How to complete this task
Please give all of the data again, character for character, and drop the pictures.

──────── Dataset content

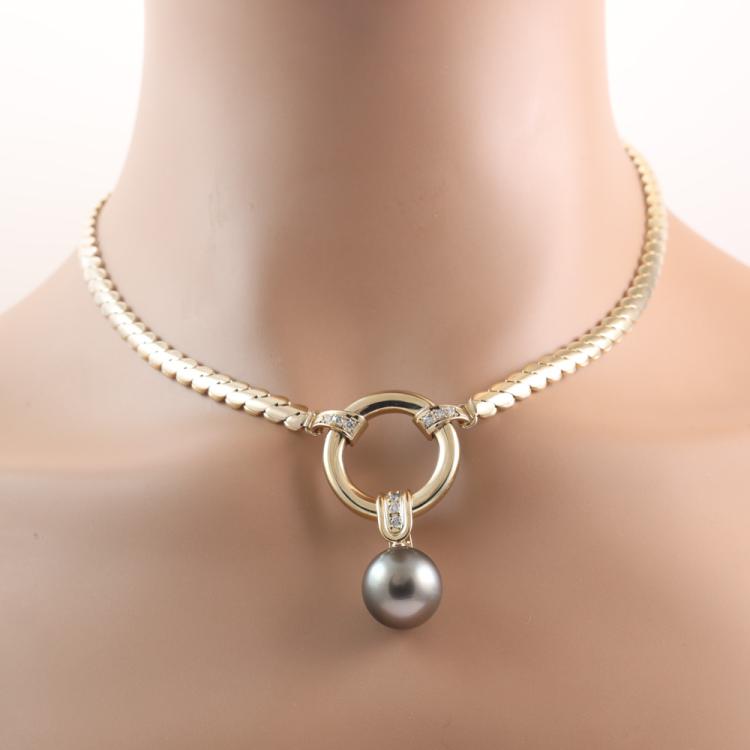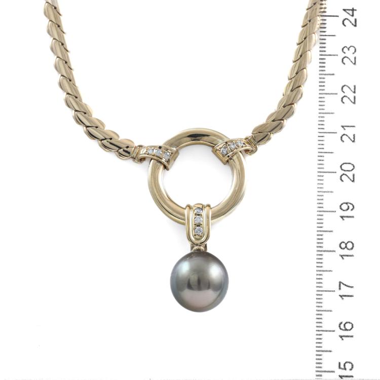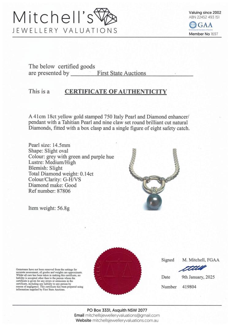 Diamond necklace with detachable pearl enhancer/pendant. With centre Tahitian pearl of 14.5mm and 9 round Natural Diamonds totalling 0.14ct. 18ct yellow gold with attached 18ct yellow gold chain. Length: 41cm. Weigh: 56.8g. With Certificate #419804. (Pre-owned)
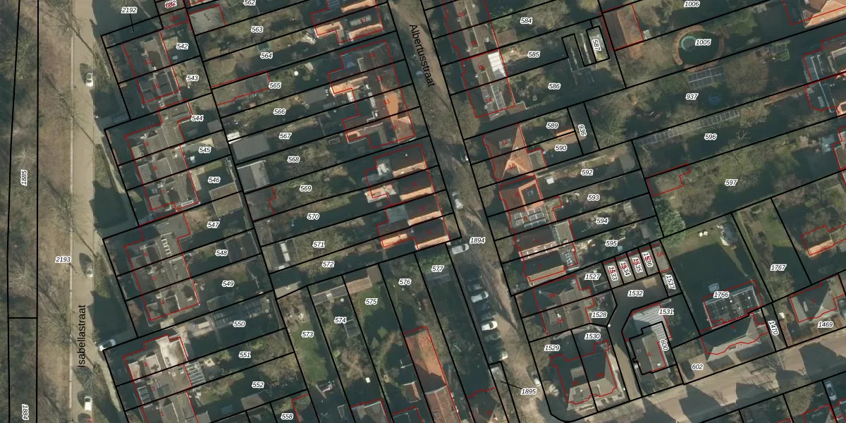 Gebruik de zoekbalk of klik op een perceel voor informatie over de adressen binnen dit perceel.
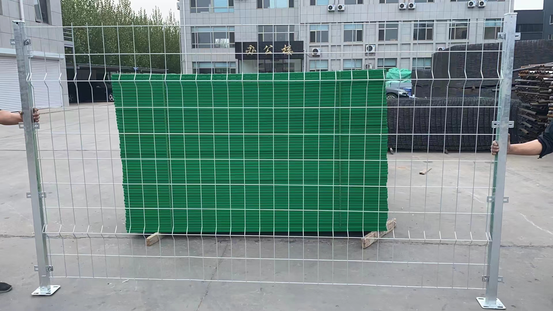 四、現(xiàn)貨鍍鋅護(hù)欄網(wǎng)的樣式:雙邊絲護(hù)欄網(wǎng)+兩道三角折彎。也可以叫做三角折彎護(hù)欄網(wǎng)。

────────────────

Result of the exercise
 Diamond necklace with detachable pearl enhancer/pendant. With centre Tahitian pearl of 14.5mm and 9 round Natural Diamonds totalling 0.14ct. 18ct yellow gold with attached 18ct yellow gold chain. Length: 41cm. Weigh: 56.8g. With Certificate #419804. (Pre-owned)
 Gebruik de zoekbalk of klik op een perceel voor informatie over de adressen binnen dit perceel.
 四、現(xiàn)貨鍍鋅護(hù)欄網(wǎng)的樣式:雙邊絲護(hù)欄網(wǎng)+兩道三角折彎。也可以叫做三角折彎護(hù)欄網(wǎng)。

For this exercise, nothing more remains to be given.